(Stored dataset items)
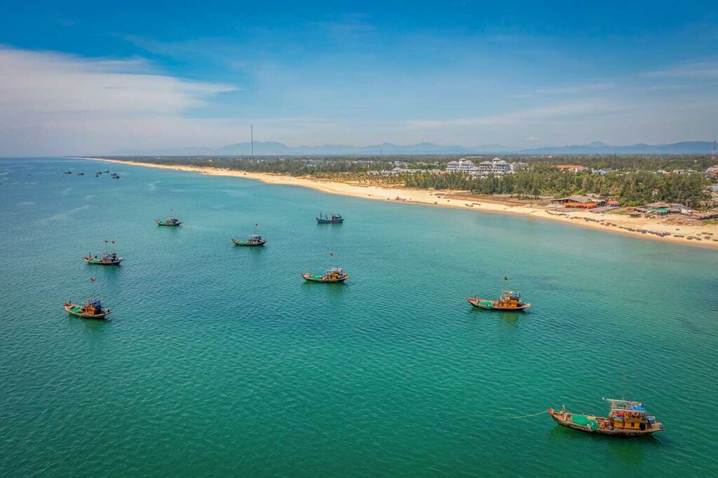 The beach itself is wide and sandy, with gentle waves and shallow water that make it pleasant for swimming or quiet walks. Parts of the coast remain undeveloped, while others are slowly changing as new resorts and roads appear. Early in the morning, you’ll see local fishermen setting out or returning with their catch, sometimes using round basket boats typical of central Vietnam. The mix of simple fishing life and light development gives the place a raw but authentic charm—calm, real, and very different from the polished beach scene closer to Hoi An.
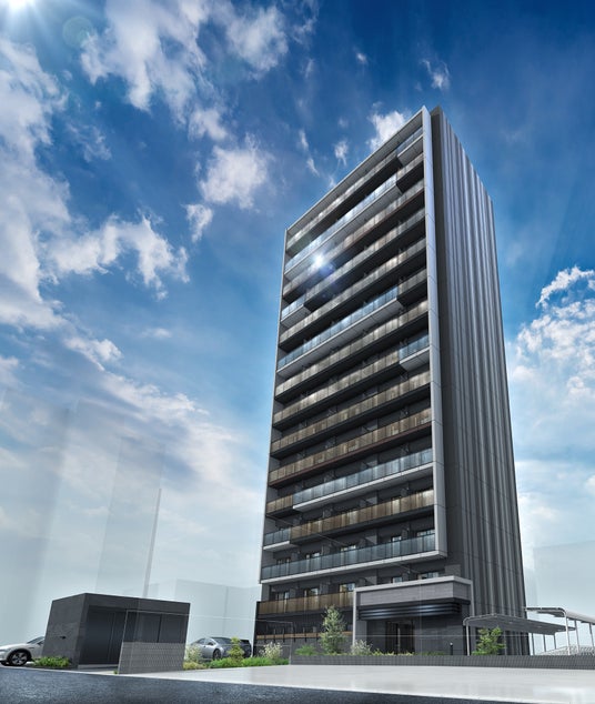外観は、都会的で洗練された印象を与えるモダンデザイン。縦のラインを強調したフォルムとガラスバルコニーが、軽やかで現代的な都市建築の表情を描きます。
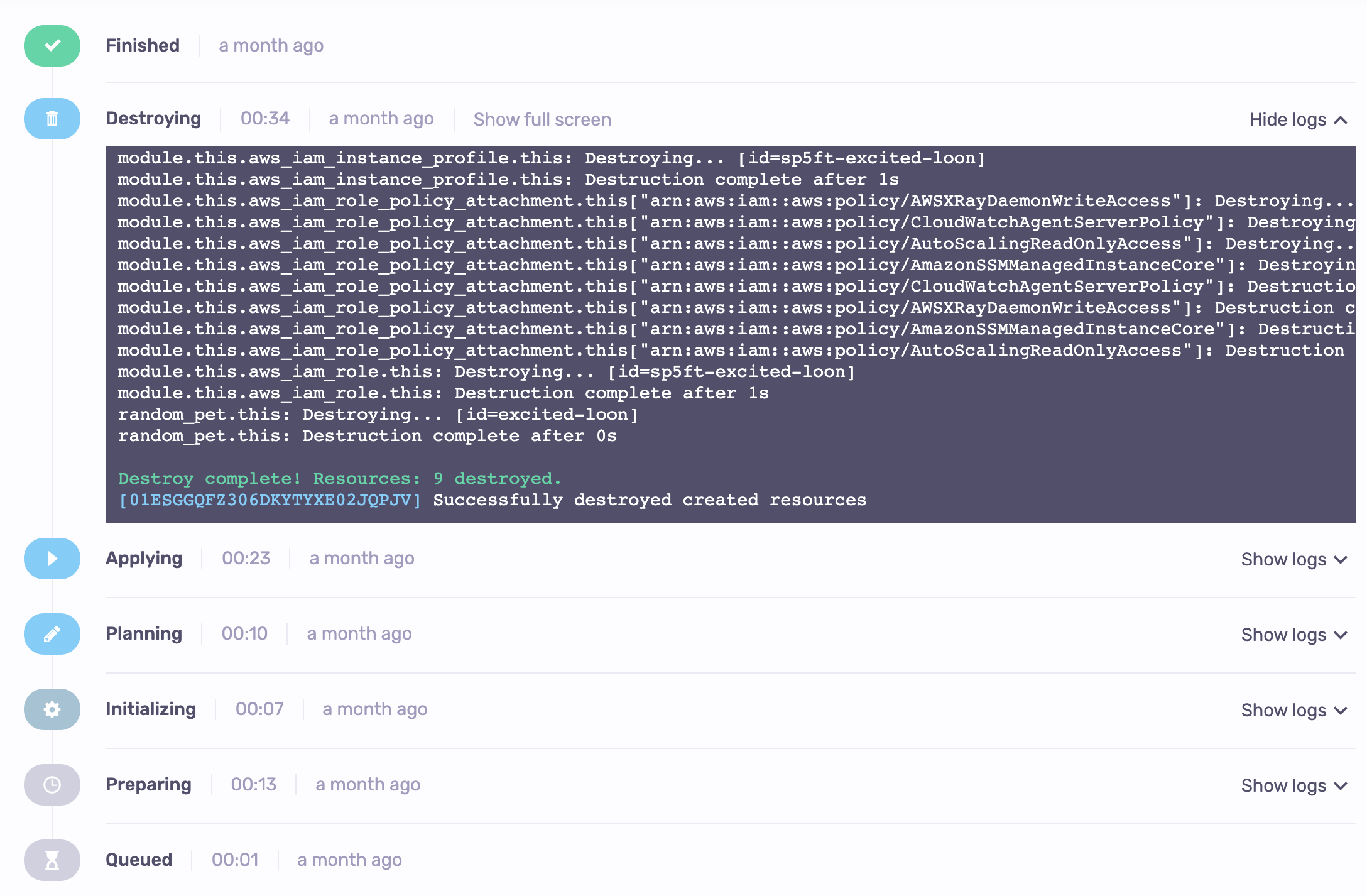 In a nutshell, module test cases are almost identical to autodeployed tracked runs. But unlike stacks, modules are stateless and do not manage any resources directly, so just after the changes are applied and resources are created, they are immediately destroyed during the destroying phase. Here is what a fully successful module test case looks like:
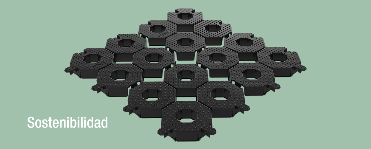 Geocross está hecho de 100 % polietileno reciclado – el tipo de plástico más utilizado, inicialmente hecho para envases, botellas y bolsas. Además es 100% reciclable.
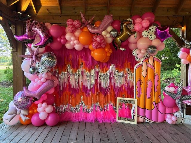 This Rainbow Fringe Backdrop with 4 Foot Balloon Garland is such an adorable focal point for any celebration. $325 to rent this rainbow fringe backdrop wall with a four foot balloon garland. Call or Text Jessica to book this adorable rental. 215-801-2412
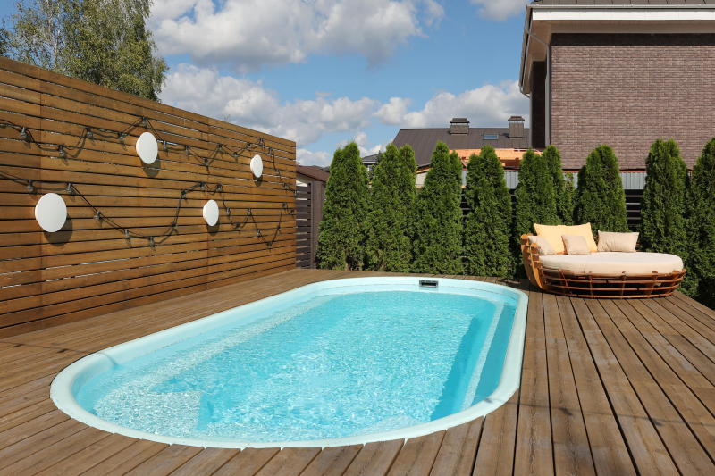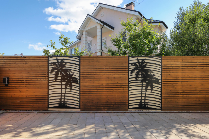 Чтобы избежать этого, выбрали не монолитный забор, а с декоративными элементами, использовали фасадные панели. Отдельно поработали над зоной бассейна с подсветкой, внедрили беседку и добавили лианы. Все это помогло улучшить динамику на относительно небольшой территории.
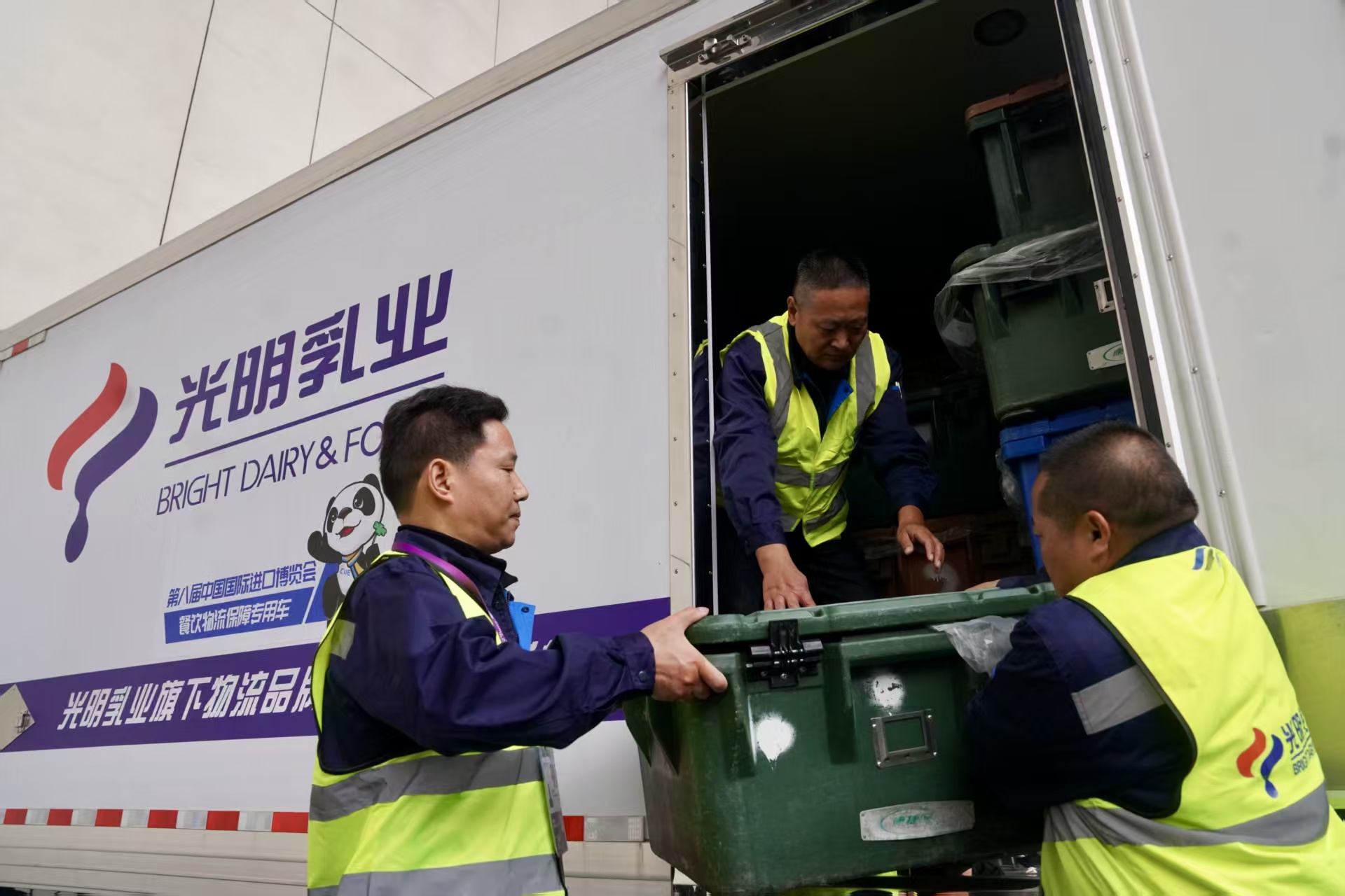 11月6日一早,国家会展中心外已经有了动静,车辆启动的声音悄悄打破了清晨的宁静。远远望去,一群穿着整齐制服的人正围着冷链物流车辆忙前忙后——他们是光明领鲜物流“进博服务突击队”的成员。一旁,一辆商务车静静停靠,这便是突击队的“移动指挥中心”。整整八年,这支“全国工人先锋号”荣誉班组,肩负着场馆工作人员的餐食配送重任,用责任扛起每一餐的“新鲜与安心”。

• [YOUR GOAL] Begin at the line containing "外観は、都会的で洗練された印" and write out every line to the end of the data exactly. Skip the pictures.

• [TASK ANSWER]
外観は、都会的で洗練された印象を与えるモダンデザイン。縦のラインを強調したフォルムとガラスバルコニーが、軽やかで現代的な都市建築の表情を描きます。
 In a nutshell, module test cases are almost identical to autodeployed tracked runs. But unlike stacks, modules are stateless and do not manage any resources directly, so just after the changes are applied and resources are created, they are immediately destroyed during the destroying phase. Here is what a fully successful module test case looks like:
 Geocross está hecho de 100 % polietileno reciclado – el tipo de plástico más utilizado, inicialmente hecho para envases, botellas y bolsas. Además es 100% reciclable.
 This Rainbow Fringe Backdrop with 4 Foot Balloon Garland is such an adorable focal point for any celebration. $325 to rent this rainbow fringe backdrop wall with a four foot balloon garland. Call or Text Jessica to book this adorable rental. 215-801-2412
 Чтобы избежать этого, выбрали не монолитный забор, а с декоративными элементами, использовали фасадные панели. Отдельно поработали над зоной бассейна с подсветкой, внедрили беседку и добавили лианы. Все это помогло улучшить динамику на относительно небольшой территории.
 11月6日一早,国家会展中心外已经有了动静,车辆启动的声音悄悄打破了清晨的宁静。远远望去,一群穿着整齐制服的人正围着冷链物流车辆忙前忙后——他们是光明领鲜物流“进博服务突击队”的成员。一旁,一辆商务车静静停靠,这便是突击队的“移动指挥中心”。整整八年,这支“全国工人先锋号”荣誉班组,肩负着场馆工作人员的餐食配送重任,用责任扛起每一餐的“新鲜与安心”。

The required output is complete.